### TRY IT
Excluding pictures, what does the listing below contain from the line with "This Zircon Flower" up to and including the line with "On body microphones", word for word?

### PROVIDED INFORMATION
=== Begin Enclosure ===
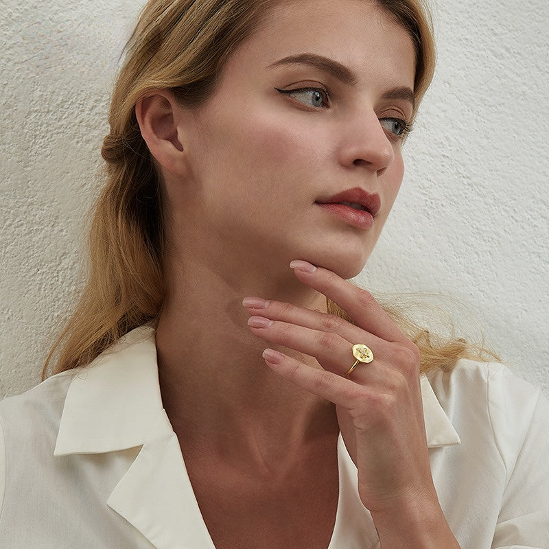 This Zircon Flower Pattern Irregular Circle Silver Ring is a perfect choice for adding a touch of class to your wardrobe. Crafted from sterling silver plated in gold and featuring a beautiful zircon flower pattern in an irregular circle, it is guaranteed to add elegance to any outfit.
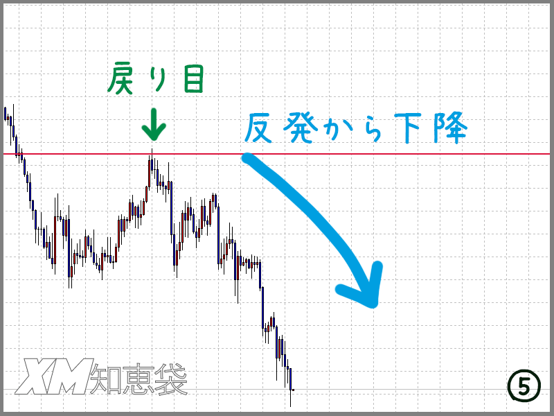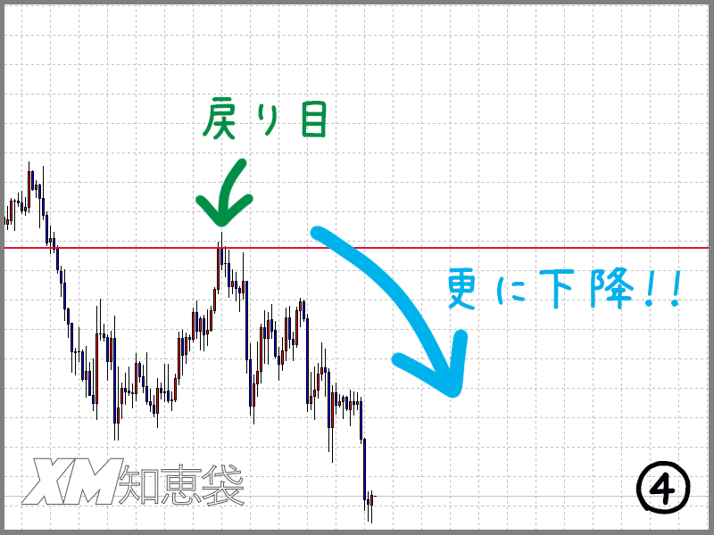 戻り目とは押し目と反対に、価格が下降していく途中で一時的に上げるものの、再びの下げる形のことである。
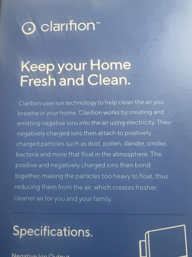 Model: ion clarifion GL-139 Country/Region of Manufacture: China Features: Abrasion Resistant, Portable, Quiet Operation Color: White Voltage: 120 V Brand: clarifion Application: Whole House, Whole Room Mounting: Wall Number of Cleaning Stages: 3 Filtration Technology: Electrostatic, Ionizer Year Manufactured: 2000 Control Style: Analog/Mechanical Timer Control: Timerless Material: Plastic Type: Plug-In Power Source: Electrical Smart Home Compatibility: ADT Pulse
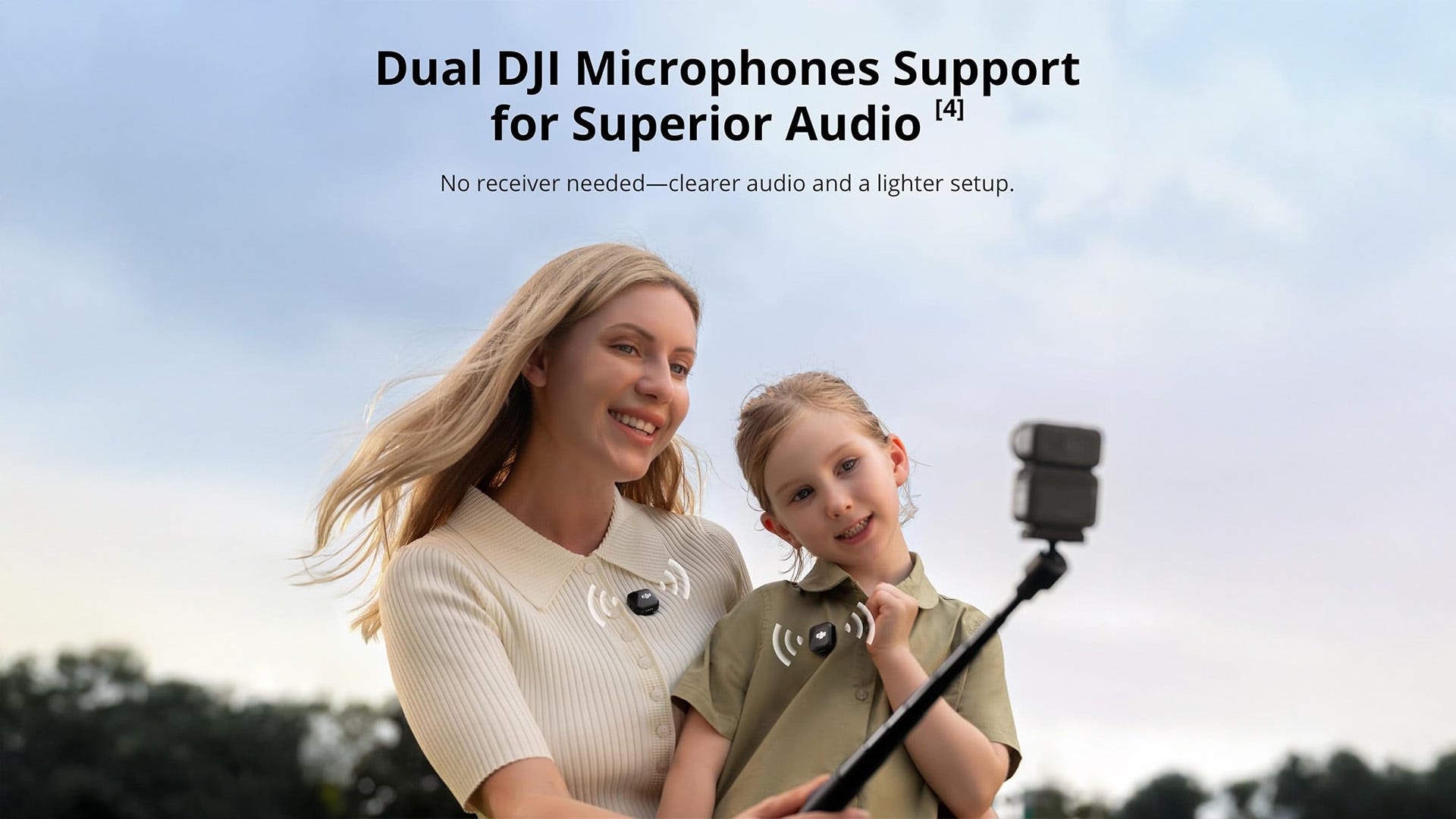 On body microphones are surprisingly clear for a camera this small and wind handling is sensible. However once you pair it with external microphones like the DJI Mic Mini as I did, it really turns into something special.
=== End Enclosure ===
=== Begin Enclosure ===
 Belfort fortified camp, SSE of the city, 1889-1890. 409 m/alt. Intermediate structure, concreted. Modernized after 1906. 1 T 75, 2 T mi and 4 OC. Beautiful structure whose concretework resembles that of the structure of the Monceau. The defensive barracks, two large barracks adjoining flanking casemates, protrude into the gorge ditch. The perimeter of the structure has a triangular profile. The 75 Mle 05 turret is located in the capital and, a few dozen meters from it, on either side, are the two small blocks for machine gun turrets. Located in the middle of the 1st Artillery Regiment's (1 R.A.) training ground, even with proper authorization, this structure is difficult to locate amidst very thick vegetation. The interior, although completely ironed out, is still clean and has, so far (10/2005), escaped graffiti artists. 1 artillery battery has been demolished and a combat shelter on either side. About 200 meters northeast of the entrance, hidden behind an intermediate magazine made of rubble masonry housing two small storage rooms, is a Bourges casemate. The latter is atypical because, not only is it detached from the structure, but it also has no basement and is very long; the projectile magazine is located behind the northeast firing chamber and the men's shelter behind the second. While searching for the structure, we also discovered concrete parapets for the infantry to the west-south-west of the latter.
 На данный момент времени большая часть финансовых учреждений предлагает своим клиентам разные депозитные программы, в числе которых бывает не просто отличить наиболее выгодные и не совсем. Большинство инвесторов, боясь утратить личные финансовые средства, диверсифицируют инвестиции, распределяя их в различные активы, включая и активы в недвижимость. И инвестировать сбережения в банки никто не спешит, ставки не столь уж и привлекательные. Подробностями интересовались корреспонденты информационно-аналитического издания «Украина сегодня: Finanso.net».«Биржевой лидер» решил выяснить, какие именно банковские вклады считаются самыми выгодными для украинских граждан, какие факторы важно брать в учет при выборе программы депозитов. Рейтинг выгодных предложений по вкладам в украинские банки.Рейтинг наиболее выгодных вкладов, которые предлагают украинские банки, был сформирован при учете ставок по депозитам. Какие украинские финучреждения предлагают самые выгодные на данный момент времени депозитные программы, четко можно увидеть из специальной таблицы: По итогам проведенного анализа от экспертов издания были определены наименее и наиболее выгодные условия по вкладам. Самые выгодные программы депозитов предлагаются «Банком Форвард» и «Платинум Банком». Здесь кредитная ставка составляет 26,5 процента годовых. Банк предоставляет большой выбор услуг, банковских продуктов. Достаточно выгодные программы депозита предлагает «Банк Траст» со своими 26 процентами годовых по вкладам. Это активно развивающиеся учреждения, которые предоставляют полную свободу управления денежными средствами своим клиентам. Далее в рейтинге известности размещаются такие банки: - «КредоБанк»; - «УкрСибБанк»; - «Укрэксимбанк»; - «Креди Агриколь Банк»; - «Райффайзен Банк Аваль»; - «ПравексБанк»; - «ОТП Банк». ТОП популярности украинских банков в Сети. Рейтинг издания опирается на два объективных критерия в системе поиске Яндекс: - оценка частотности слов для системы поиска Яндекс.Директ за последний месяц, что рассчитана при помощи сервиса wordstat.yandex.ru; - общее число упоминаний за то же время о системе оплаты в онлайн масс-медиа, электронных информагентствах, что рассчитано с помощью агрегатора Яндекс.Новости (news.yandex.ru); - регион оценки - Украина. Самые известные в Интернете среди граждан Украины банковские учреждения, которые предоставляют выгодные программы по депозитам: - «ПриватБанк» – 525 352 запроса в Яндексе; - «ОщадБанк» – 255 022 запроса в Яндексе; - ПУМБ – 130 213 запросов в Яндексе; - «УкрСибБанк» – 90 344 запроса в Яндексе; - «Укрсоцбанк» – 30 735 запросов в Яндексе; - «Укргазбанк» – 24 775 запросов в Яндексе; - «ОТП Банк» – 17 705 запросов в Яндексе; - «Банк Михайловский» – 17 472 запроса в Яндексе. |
=== End Enclosure ===
### EXERCISE SOLUTION
 This Zircon Flower Pattern Irregular Circle Silver Ring is a perfect choice for adding a touch of class to your wardrobe. Crafted from sterling silver plated in gold and featuring a beautiful zircon flower pattern in an irregular circle, it is guaranteed to add elegance to any outfit.
 戻り目とは押し目と反対に、価格が下降していく途中で一時的に上げるものの、再びの下げる形のことである。
 Model: ion clarifion GL-139 Country/Region of Manufacture: China Features: Abrasion Resistant, Portable, Quiet Operation Color: White Voltage: 120 V Brand: clarifion Application: Whole House, Whole Room Mounting: Wall Number of Cleaning Stages: 3 Filtration Technology: Electrostatic, Ionizer Year Manufactured: 2000 Control Style: Analog/Mechanical Timer Control: Timerless Material: Plastic Type: Plug-In Power Source: Electrical Smart Home Compatibility: ADT Pulse
 On body microphones are surprisingly clear for a camera this small and wind handling is sensible. However once you pair it with external microphones like the DJI Mic Mini as I did, it really turns into something special.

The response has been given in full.